Understanding these limitations emphasizes the need for symbolic regression, which provides interpretable models and explicit equations, offering deeper insights into the data.

## Section 2: Introduction to Symbolic Regression Methods (GPLearn)

Symbolic regression has traditionally relied on Genetic Programming (GP) to discover mathematical equations that describe data. In GP, equations are represented as tree-like structures, where nodes are mathematical operators and leaves are variables or constants. New equations are generated through evolutionary processes like mutation and crossover of these trees, mimicking natural selection. This approach allows for the exploration of a vast space of possible equations.

In this section, we will introduce GPLearn, a Python library that utilizes genetic programming for symbolic regression. We will explore how GPLearn works and why symbolic regression is valuable for creating interpretable models that reveal the underlying mathematical relationships in data.

### 2-1: GPLearn

We'll begin by training a model using GPLearn, a genetic programming library for symbolic regression.
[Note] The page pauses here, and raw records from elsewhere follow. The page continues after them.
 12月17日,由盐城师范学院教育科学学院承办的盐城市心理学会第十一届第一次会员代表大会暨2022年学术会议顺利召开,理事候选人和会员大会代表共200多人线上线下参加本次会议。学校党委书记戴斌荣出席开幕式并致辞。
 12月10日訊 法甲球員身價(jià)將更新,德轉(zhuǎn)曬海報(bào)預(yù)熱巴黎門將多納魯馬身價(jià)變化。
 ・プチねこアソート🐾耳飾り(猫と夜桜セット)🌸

The resulting equations will be composed of basic arithmetic operators: addition, subtraction, division, and multiplication.

For example:

- `add(x1,3.0)` represents x1+3.

- `sub(x2,add(x1,3.0))` represents x2-(x1+3).
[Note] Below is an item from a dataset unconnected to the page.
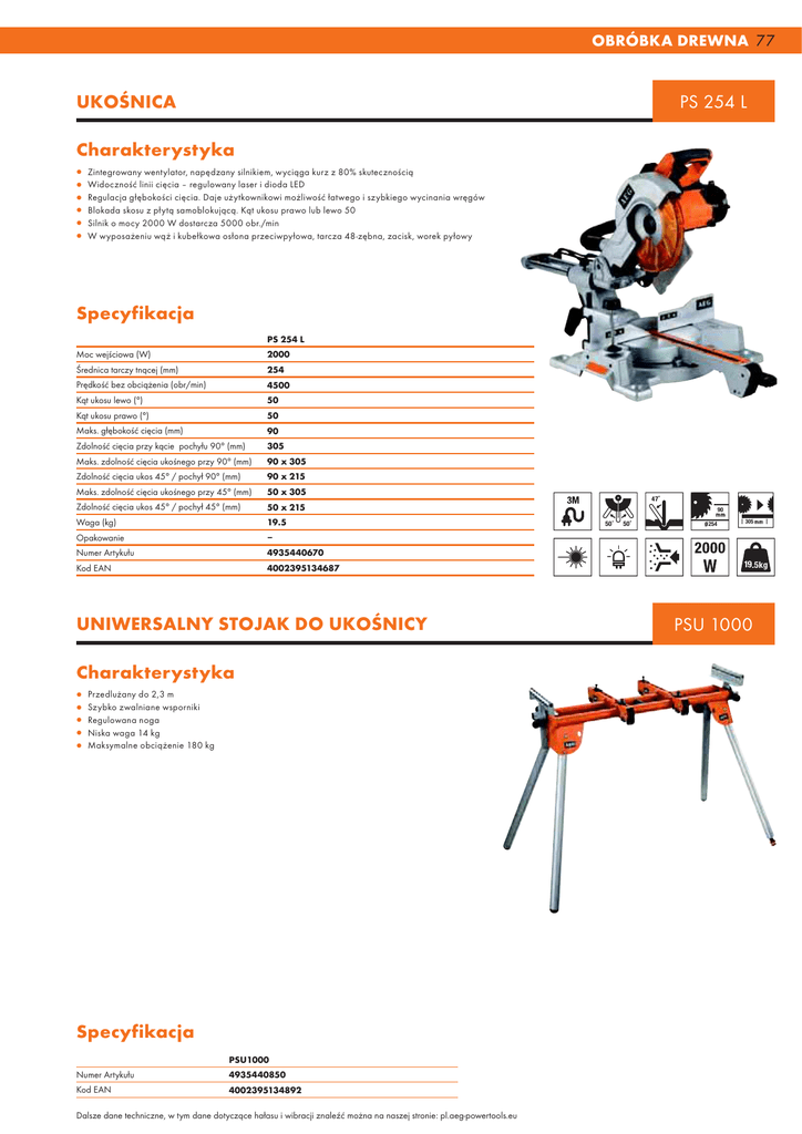 OBRÓBKA DREWNA 77 UKOŚNICA PS 254 L Charakterystyka zZintegrowany wentylator, napędzany silnikiem, wyciąga kurz z 80% skutecznością linii cięcia – regulowany laser i dioda LED zRegulacja głębokości cięcia. Daje użytkownikowi możliwość łatwego i szybkiego wycinania wręgów zBlokada skosu z płytą samoblokującą. Kąt ukosu prawo lub lewo 50 zSilnik o mocy 2000 W dostarcza 5000 obr./min zW wyposażeniu wąż i kubełkowa osłona przeciwpyłowa, tarcza 48-zębna, zacisk, worek pyłowy zWidoczność Specyfikacja PS 254 L Moc wejściowa (W) 2000 Średnica tarczy tnącej (mm) 254 Prędkość bez obciążenia (obr/min) 4500 Kąt ukosu lewo (°) 50 Kąt ukosu prawo (°) 50 Maks. głębokość cięcia (mm) 90 Zdolność cięcia przy kącie pochyłu 90° (mm) 305 Maks. zdolność cięcia ukośnego przy 90° (mm) 90 x 305 Zdolność cięcia ukos 45° / pochył 90° (mm) 90 x 215 Maks. zdolność cięcia ukośnego przy 45° (mm) 50 x 305 Zdolność cięcia ukos 45° / pochył 45° (mm) 50 x 215 Waga (kg) 19.5 Opakowanie − Numer Artykułu 4935440670 Kod EAN 4002395134687 UNIWERSALNY STOJAK DO UKOŚNICY Charakterystyka zPrzedlużany do 2,3 m zwalniane wsporniki zRegulowana noga zNiska waga 14 kg zMaksymalne obciążenie 180 kg zSzybko Specyfikacja PSU1000 Numer Artykułu 4935440850 Kod EAN 4002395134892 Dalsze dane techniczne, w tym dane dotyczące hałasu i wibracji znaleźć można na naszej stronie: pl.aeg-powertools.eu 90 50 50 254 305 19 PSU 1000

This introduction to GPLearn will include a comparison with Decision Tree (DT) Regression and Random Forest (RF) Regression, highlighting the unique advantages and interpretability of symbolic regression.

In [None]:
# RUN THIS CELL. Do not change.

# Fit SymbolicRegressor
est_gp = SymbolicRegressor(population_size=5000,
                           generations=20, stopping_criteria=0.01,
                           p_crossover=0.7, p_subtree_mutation=0.1,
                           p_hoist_mutation=0.05, p_point_mutation=0.1,
                           max_samples=0.9, verbose=1,
                           parsimony_coefficient=0.01, random_state=0)
est_gp.fit(X_train, y_train)

# Generate equation
print(est_gp._program)

We visualize the output and compare to the non-symbolic regression methods.

In [None]:
# RUN THIS CELL. Do not change.

y_gp = est_gp.predict(np.c_[x1.ravel(), x2.ravel()]).reshape(x1.shape)
score_gp = est_gp.score(X_test, y_test)

fig = plt.figure(figsize=(8, 6))

for i, (y, score, title) in enumerate([(y_truth, None, "Ground Truth"),
                                       (y_gp, score_gp, "SymbolicRegressor"),
                                       (y_tree, score_tree, "DecisionTreeRegressor"),
                                       (y_rf, score_rf, "RandomForestRegressor")]):

    ax = fig.add_subplot(2, 2, i+1, projection='3d')
    ax.set_xlim(-1, 1)
    ax.set_ylim(-1, 1)
    surf = ax.plot_surface(x1, x2, y, rstride=1, cstride=1, color='green', alpha=0.5)
    points = ax.scatter(X_train[:, 0], X_train[:, 1], y_train)
    if score is not None:
        score = ax.text(-.7, 1, .2, "$R^2 =\/ %.6f$" % score, 'x', fontsize=8)
    plt.title(title, fontsize = 10)
plt.show()

#### (Question 3): Describe what results you see in the figure. What are your thoughts so far on using GPLearn for (symbolic) regression?

## Section 3: Comparing Non-Symbolic Regression vs. Symbolic Regression

In this section, we will compare non-symbolic regression methods with three established symbolic regression methods. You will explore how to perform each approach and understand the benefits of symbolic regression in providing interpretable models.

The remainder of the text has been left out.